**Given records**
# # # # # # #
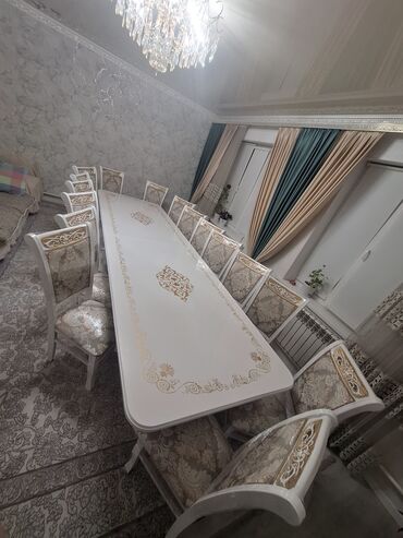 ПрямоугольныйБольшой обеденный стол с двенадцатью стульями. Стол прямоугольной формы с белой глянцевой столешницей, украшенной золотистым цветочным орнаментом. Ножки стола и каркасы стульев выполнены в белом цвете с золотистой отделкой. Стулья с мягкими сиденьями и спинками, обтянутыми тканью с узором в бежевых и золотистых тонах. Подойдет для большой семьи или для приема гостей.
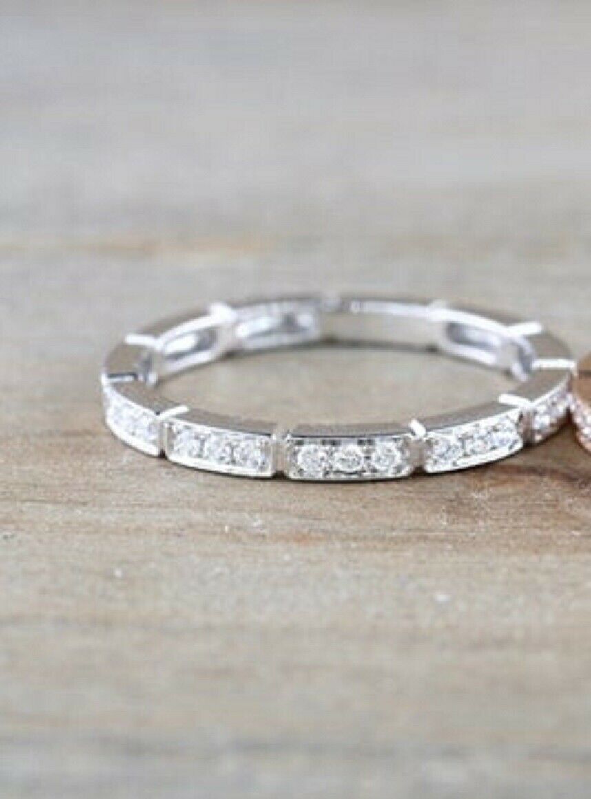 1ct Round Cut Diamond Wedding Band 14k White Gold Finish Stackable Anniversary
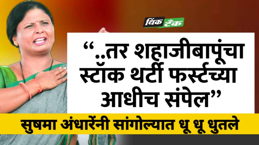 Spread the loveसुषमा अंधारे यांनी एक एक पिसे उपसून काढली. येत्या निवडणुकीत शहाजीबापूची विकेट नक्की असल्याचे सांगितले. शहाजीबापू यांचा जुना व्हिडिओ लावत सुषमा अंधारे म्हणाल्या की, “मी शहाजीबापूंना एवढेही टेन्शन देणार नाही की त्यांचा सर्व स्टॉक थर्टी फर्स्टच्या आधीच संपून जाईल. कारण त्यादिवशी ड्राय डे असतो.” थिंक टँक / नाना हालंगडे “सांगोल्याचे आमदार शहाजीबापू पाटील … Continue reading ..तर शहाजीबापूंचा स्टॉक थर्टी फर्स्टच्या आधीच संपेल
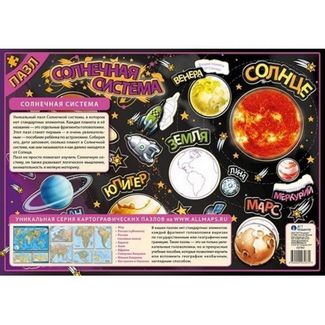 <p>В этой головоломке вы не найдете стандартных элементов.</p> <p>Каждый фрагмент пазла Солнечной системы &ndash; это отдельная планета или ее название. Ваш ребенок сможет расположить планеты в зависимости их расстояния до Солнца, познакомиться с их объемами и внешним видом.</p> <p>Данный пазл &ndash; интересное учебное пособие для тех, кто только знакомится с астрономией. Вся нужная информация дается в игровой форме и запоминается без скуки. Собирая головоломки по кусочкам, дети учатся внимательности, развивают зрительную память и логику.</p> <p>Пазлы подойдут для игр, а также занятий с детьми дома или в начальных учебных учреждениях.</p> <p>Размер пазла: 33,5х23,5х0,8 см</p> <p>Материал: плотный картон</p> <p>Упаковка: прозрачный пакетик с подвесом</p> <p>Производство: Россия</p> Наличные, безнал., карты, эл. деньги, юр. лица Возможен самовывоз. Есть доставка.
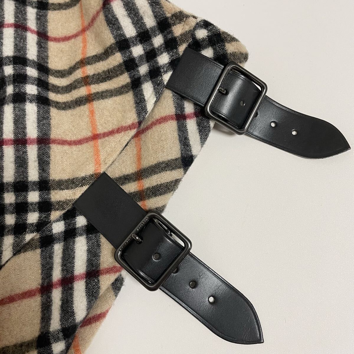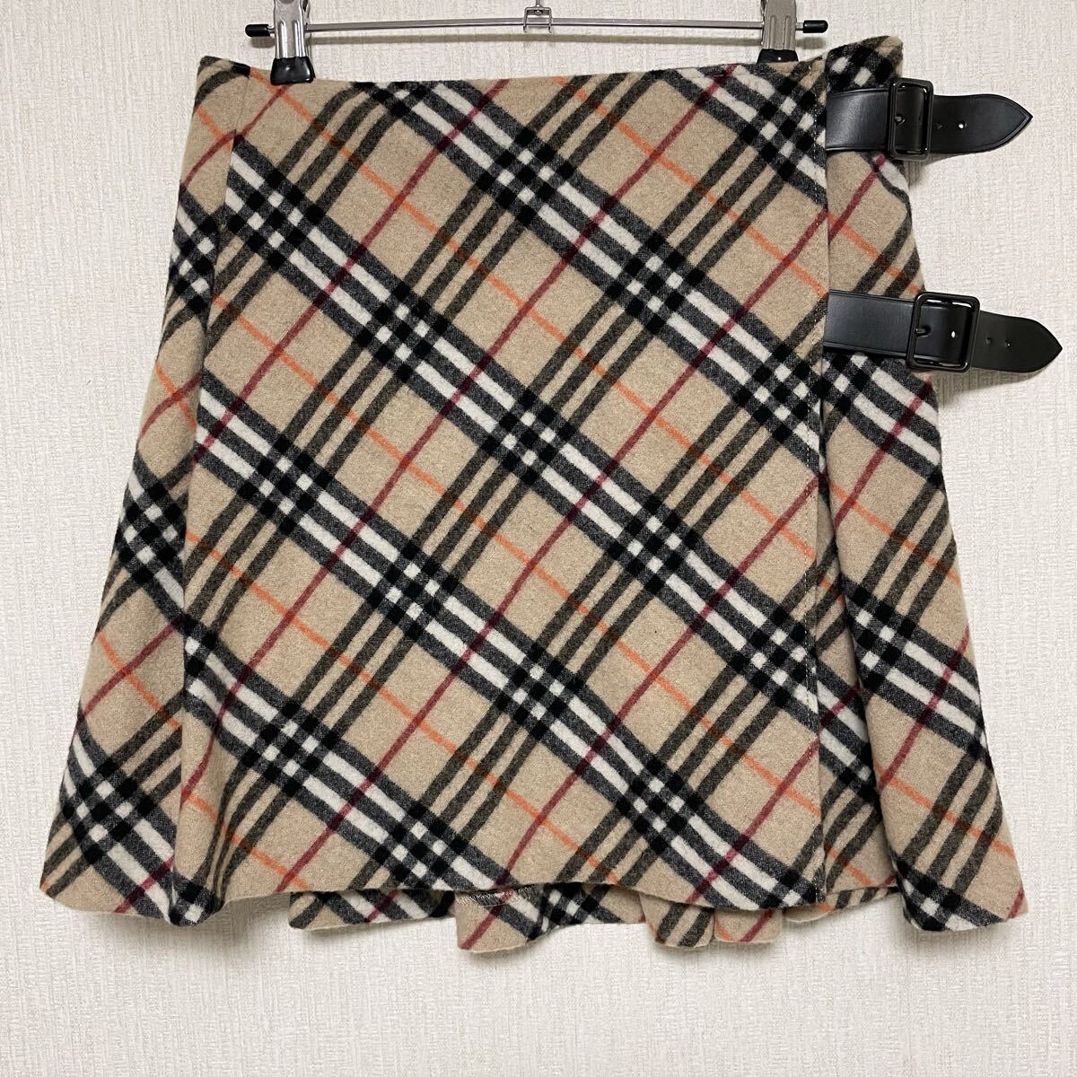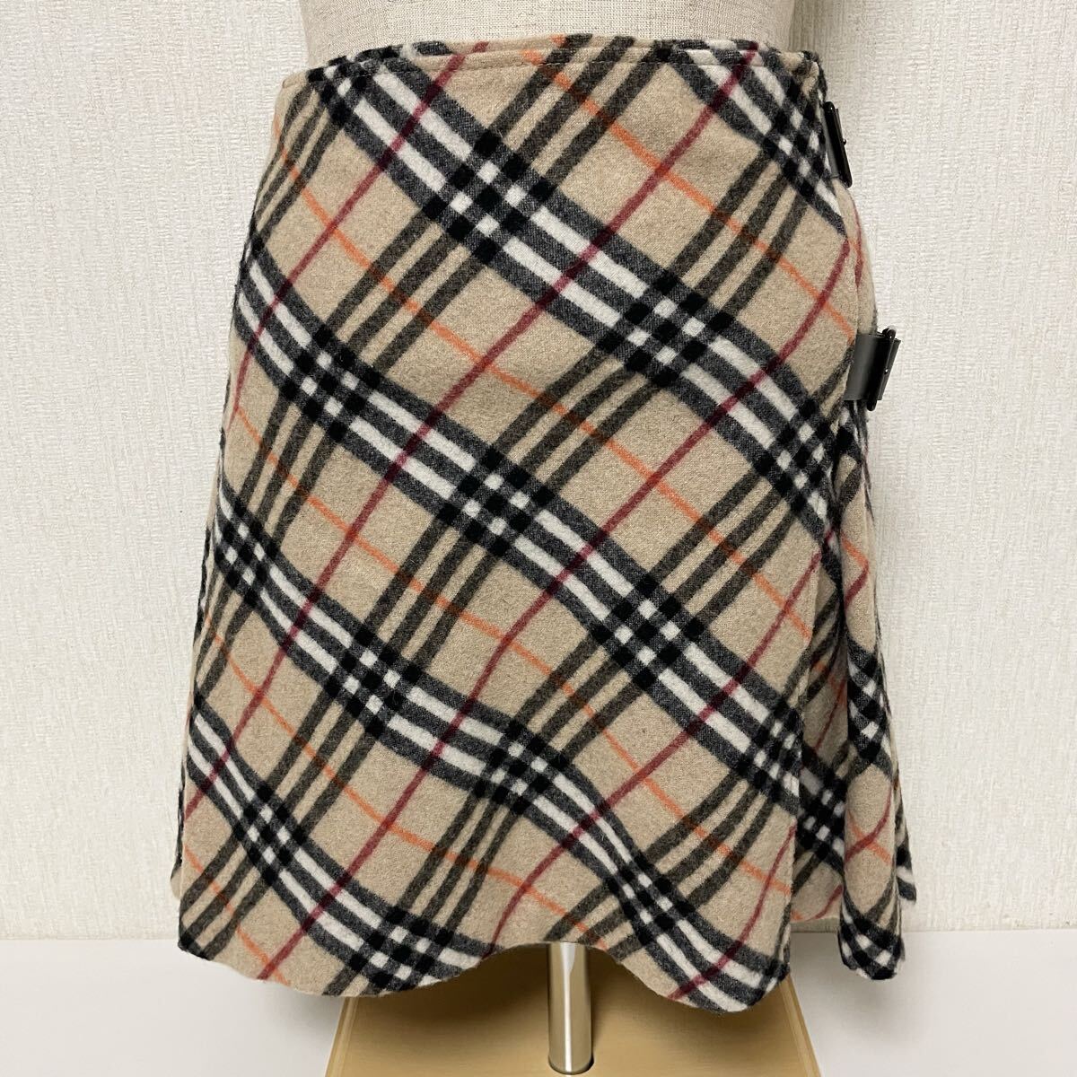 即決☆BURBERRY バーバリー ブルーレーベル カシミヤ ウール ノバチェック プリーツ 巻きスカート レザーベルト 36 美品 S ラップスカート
# # # # # # #
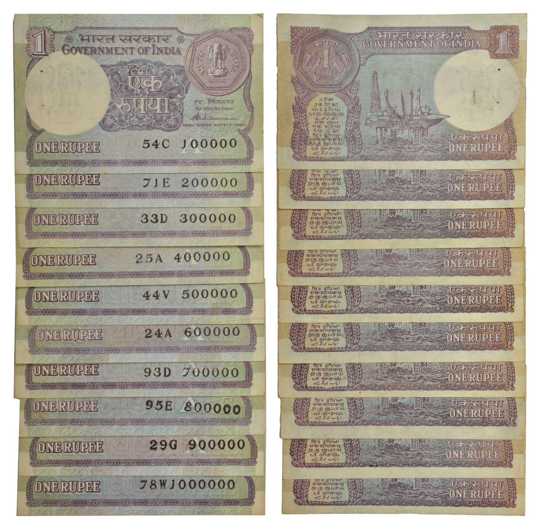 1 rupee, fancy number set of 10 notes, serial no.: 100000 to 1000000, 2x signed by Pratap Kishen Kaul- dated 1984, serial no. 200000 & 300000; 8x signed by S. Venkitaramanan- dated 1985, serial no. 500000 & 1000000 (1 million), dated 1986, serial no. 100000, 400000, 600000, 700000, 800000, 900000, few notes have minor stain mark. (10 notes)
# # # # # # #
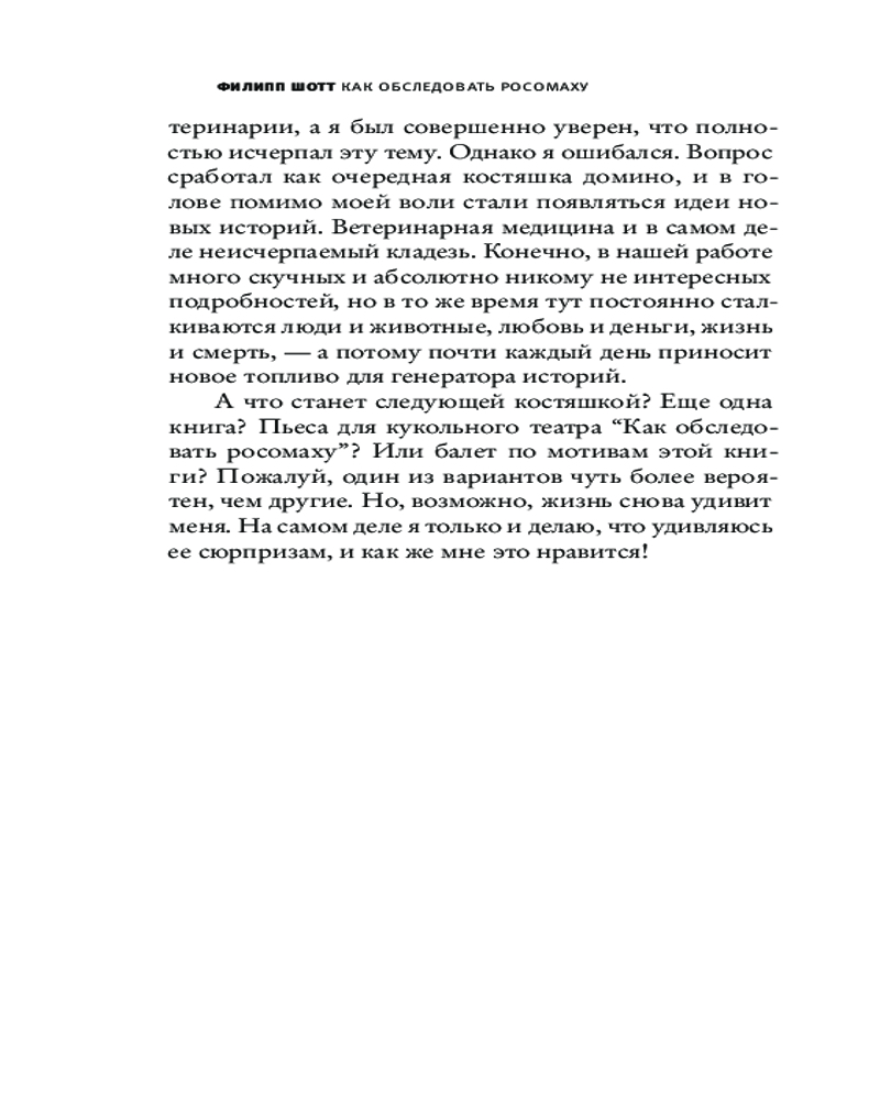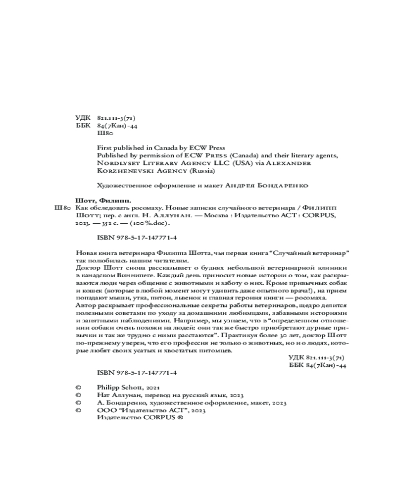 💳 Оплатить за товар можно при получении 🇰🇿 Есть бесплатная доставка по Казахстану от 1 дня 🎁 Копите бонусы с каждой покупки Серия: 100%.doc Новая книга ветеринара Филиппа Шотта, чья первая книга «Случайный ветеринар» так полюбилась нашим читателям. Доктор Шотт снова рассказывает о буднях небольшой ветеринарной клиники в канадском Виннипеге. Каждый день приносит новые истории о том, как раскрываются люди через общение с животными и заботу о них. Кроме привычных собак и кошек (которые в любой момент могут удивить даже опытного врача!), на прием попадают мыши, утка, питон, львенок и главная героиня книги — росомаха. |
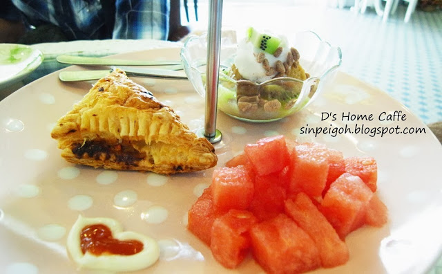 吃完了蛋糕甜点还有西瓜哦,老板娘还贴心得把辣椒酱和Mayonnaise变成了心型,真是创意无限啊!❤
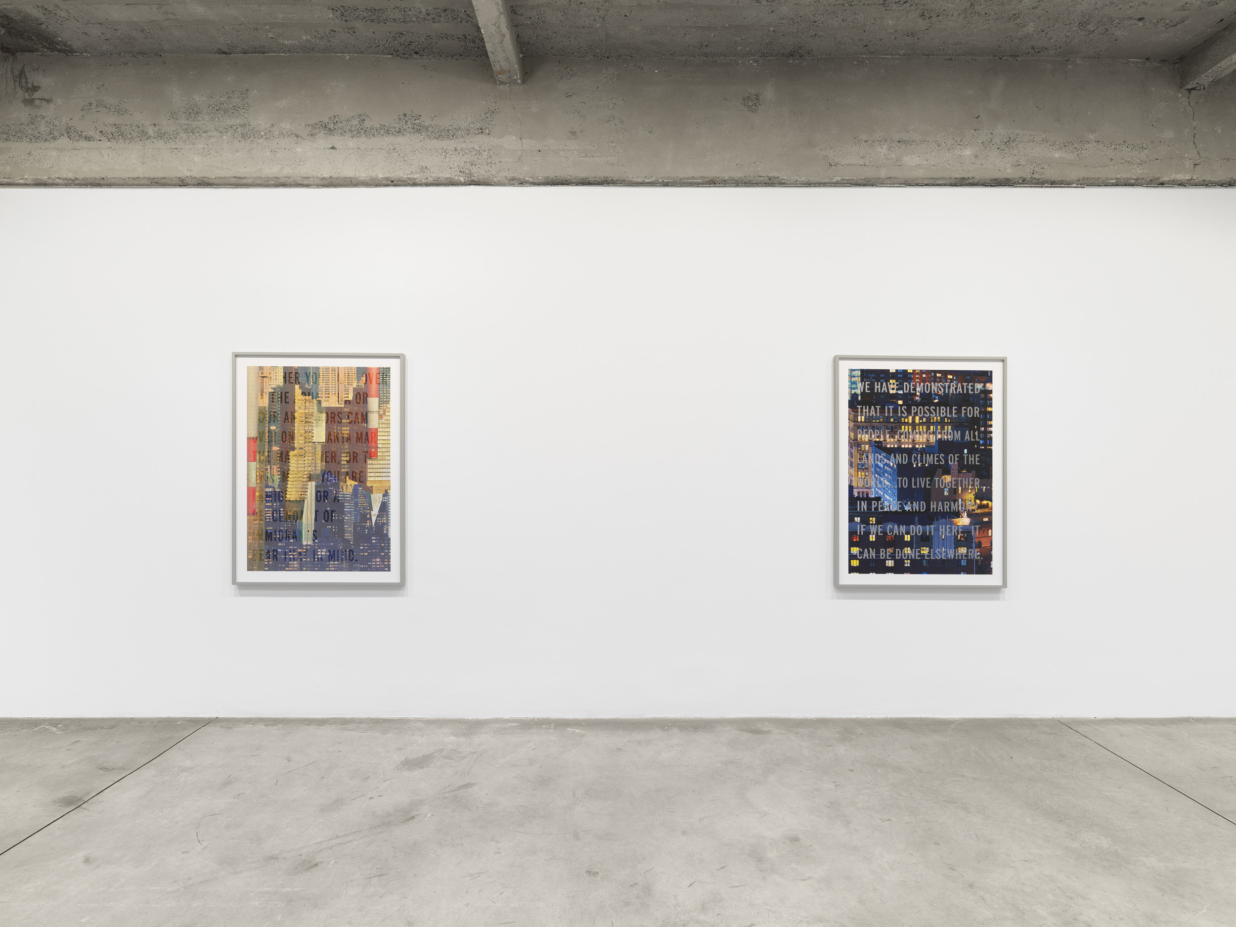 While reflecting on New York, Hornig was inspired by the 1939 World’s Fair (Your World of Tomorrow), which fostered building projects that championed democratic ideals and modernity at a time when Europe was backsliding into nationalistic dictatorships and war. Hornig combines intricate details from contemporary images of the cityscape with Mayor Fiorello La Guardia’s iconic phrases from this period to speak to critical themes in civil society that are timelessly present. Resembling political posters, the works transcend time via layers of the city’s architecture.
# # # # # # #
**What to produce**
Copy nothing but the lines above from the one with "Spread the loveसुषमा" to the one with "即決☆BURBERRY バーバリー ブルーレーベル", inclusive, word for word. Leave every picture out.

**Task response**
 Spread the loveसुषमा अंधारे यांनी एक एक पिसे उपसून काढली. येत्या निवडणुकीत शहाजीबापूची विकेट नक्की असल्याचे सांगितले. शहाजीबापू यांचा जुना व्हिडिओ लावत सुषमा अंधारे म्हणाल्या की, “मी शहाजीबापूंना एवढेही टेन्शन देणार नाही की त्यांचा सर्व स्टॉक थर्टी फर्स्टच्या आधीच संपून जाईल. कारण त्यादिवशी ड्राय डे असतो.” थिंक टँक / नाना हालंगडे “सांगोल्याचे आमदार शहाजीबापू पाटील … Continue reading ..तर शहाजीबापूंचा स्टॉक थर्टी फर्स्टच्या आधीच संपेल
 <p>В этой головоломке вы не найдете стандартных элементов.</p> <p>Каждый фрагмент пазла Солнечной системы &ndash; это отдельная планета или ее название. Ваш ребенок сможет расположить планеты в зависимости их расстояния до Солнца, познакомиться с их объемами и внешним видом.</p> <p>Данный пазл &ndash; интересное учебное пособие для тех, кто только знакомится с астрономией. Вся нужная информация дается в игровой форме и запоминается без скуки. Собирая головоломки по кусочкам, дети учатся внимательности, развивают зрительную память и логику.</p> <p>Пазлы подойдут для игр, а также занятий с детьми дома или в начальных учебных учреждениях.</p> <p>Размер пазла: 33,5х23,5х0,8 см</p> <p>Материал: плотный картон</p> <p>Упаковка: прозрачный пакетик с подвесом</p> <p>Производство: Россия</p> Наличные, безнал., карты, эл. деньги, юр. лица Возможен самовывоз. Есть доставка.
 即決☆BURBERRY バーバリー ブルーレーベル カシミヤ ウール ノバチェック プリーツ 巻きスカート レザーベルト 36 美品 S ラップスカート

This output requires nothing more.